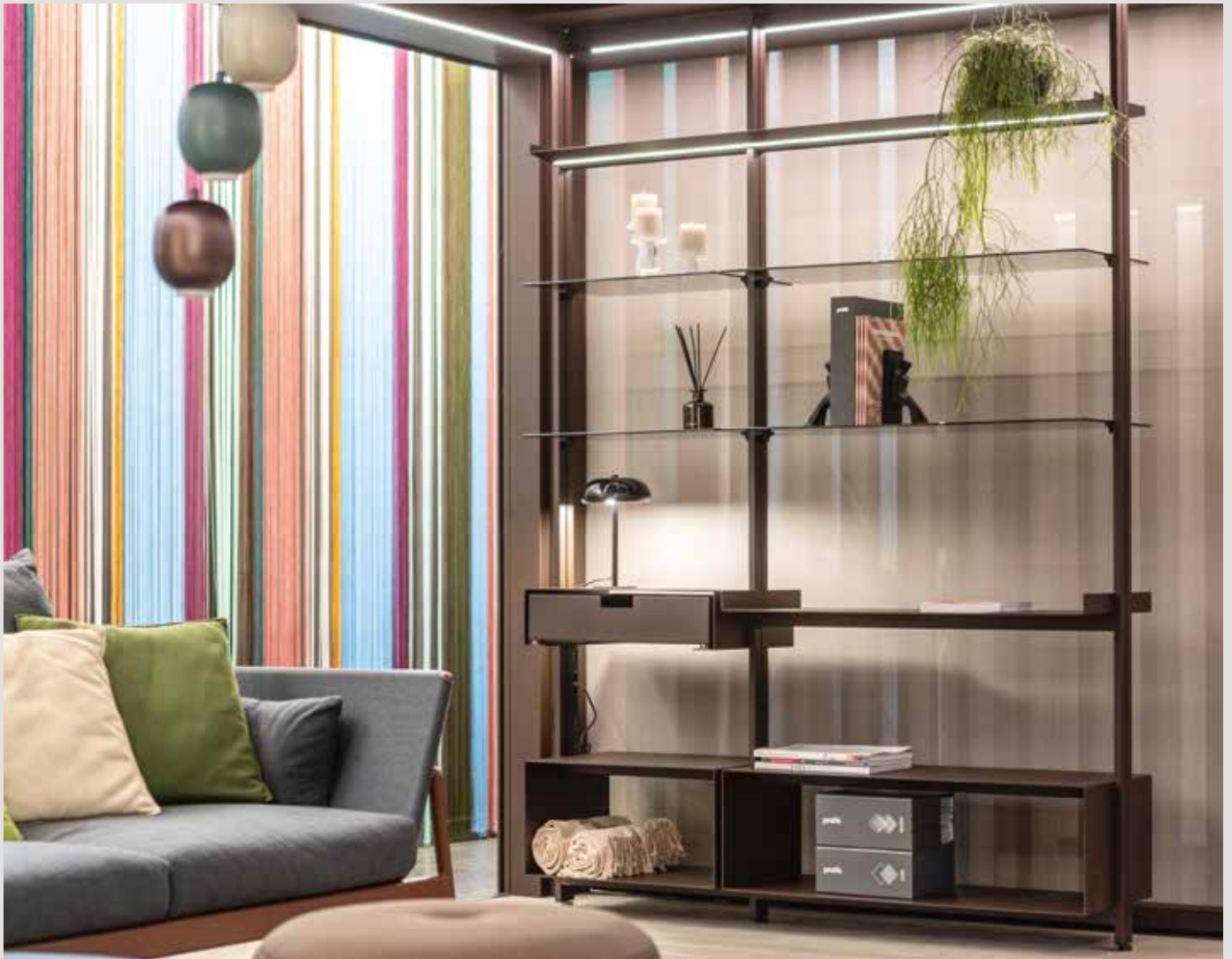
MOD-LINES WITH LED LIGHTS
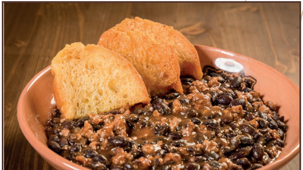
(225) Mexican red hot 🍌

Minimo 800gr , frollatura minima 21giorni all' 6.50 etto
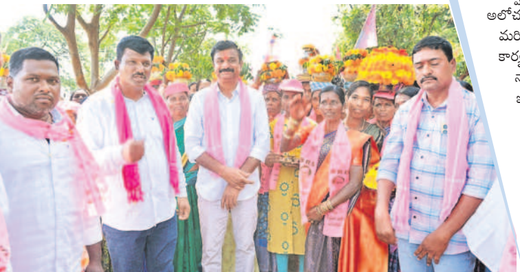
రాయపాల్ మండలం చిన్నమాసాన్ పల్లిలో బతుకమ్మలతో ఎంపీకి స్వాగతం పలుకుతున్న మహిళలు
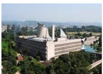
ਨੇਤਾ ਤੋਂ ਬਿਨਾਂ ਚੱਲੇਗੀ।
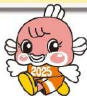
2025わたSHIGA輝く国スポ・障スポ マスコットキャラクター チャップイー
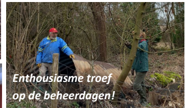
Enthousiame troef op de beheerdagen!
* * *
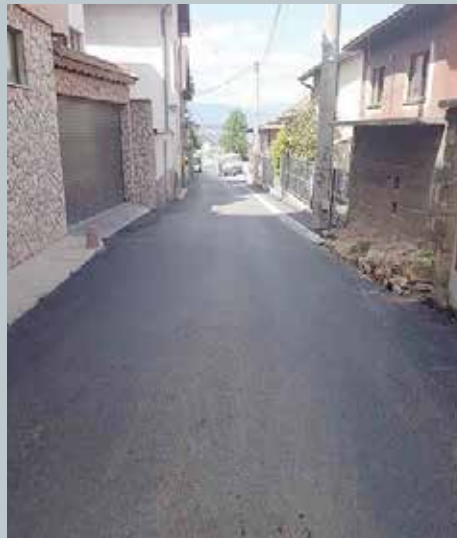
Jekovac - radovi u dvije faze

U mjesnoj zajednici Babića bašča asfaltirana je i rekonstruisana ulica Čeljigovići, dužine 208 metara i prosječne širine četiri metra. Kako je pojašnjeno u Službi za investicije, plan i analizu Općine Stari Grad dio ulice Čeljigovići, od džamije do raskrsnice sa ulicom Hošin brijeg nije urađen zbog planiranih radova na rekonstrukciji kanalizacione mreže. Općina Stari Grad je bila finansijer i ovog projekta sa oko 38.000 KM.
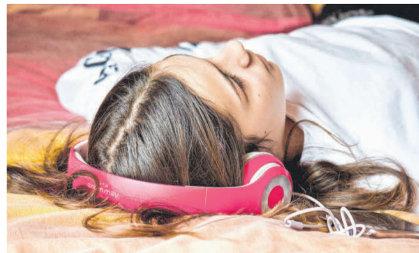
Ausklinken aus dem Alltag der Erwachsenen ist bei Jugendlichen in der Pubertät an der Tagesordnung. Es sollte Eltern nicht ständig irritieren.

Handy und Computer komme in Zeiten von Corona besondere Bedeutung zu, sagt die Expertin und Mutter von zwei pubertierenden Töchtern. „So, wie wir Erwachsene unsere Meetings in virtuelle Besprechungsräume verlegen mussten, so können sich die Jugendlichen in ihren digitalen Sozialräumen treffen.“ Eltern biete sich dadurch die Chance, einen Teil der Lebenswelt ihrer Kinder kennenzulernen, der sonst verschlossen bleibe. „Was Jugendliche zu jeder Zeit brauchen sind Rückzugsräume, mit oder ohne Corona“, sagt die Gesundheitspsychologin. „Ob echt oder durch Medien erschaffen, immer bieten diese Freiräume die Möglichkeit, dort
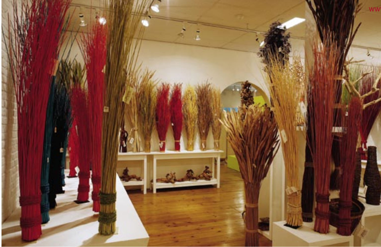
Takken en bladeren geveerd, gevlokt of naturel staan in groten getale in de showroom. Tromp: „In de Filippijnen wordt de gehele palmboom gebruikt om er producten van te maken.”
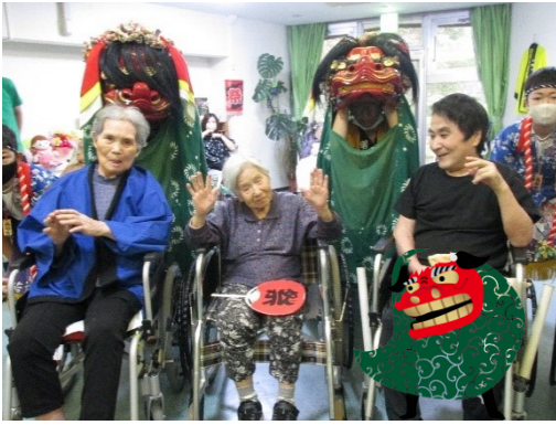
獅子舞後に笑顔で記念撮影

> _What to do_: In the entries above, find the line containing "Jekovac - radovi u dvije faze" and the line containing "獅子舞後に笑顔で記念撮影", then copy both and every line between them exactly, without any picture.

> _Expected output_:
Jekovac - radovi u dvije faze

U mjesnoj zajednici Babića bašča asfaltirana je i rekonstruisana ulica Čeljigovići, dužine 208 metara i prosječne širine četiri metra. Kako je pojašnjeno u Službi za investicije, plan i analizu Općine Stari Grad dio ulice Čeljigovići, od džamije do raskrsnice sa ulicom Hošin brijeg nije urađen zbog planiranih radova na rekonstrukciji kanalizacione mreže. Općina Stari Grad je bila finansijer i ovog projekta sa oko 38.000 KM.
Ausklinken aus dem Alltag der Erwachsenen ist bei Jugendlichen in der Pubertät an der Tagesordnung. Es sollte Eltern nicht ständig irritieren.

Handy und Computer komme in Zeiten von Corona besondere Bedeutung zu, sagt die Expertin und Mutter von zwei pubertierenden Töchtern. „So, wie wir Erwachsene unsere Meetings in virtuelle Besprechungsräume verlegen mussten, so können sich die Jugendlichen in ihren digitalen Sozialräumen treffen.“ Eltern biete sich dadurch die Chance, einen Teil der Lebenswelt ihrer Kinder kennenzulernen, der sonst verschlossen bleibe. „Was Jugendliche zu jeder Zeit brauchen sind Rückzugsräume, mit oder ohne Corona“, sagt die Gesundheitspsychologin. „Ob echt oder durch Medien erschaffen, immer bieten diese Freiräume die Möglichkeit, dort
Takken en bladeren geveerd, gevlokt of naturel staan in groten getale in de showroom. Tromp: „In de Filippijnen wordt de gehele palmboom gebruikt om er producten van te maken.”
獅子舞後に笑顔で記念撮影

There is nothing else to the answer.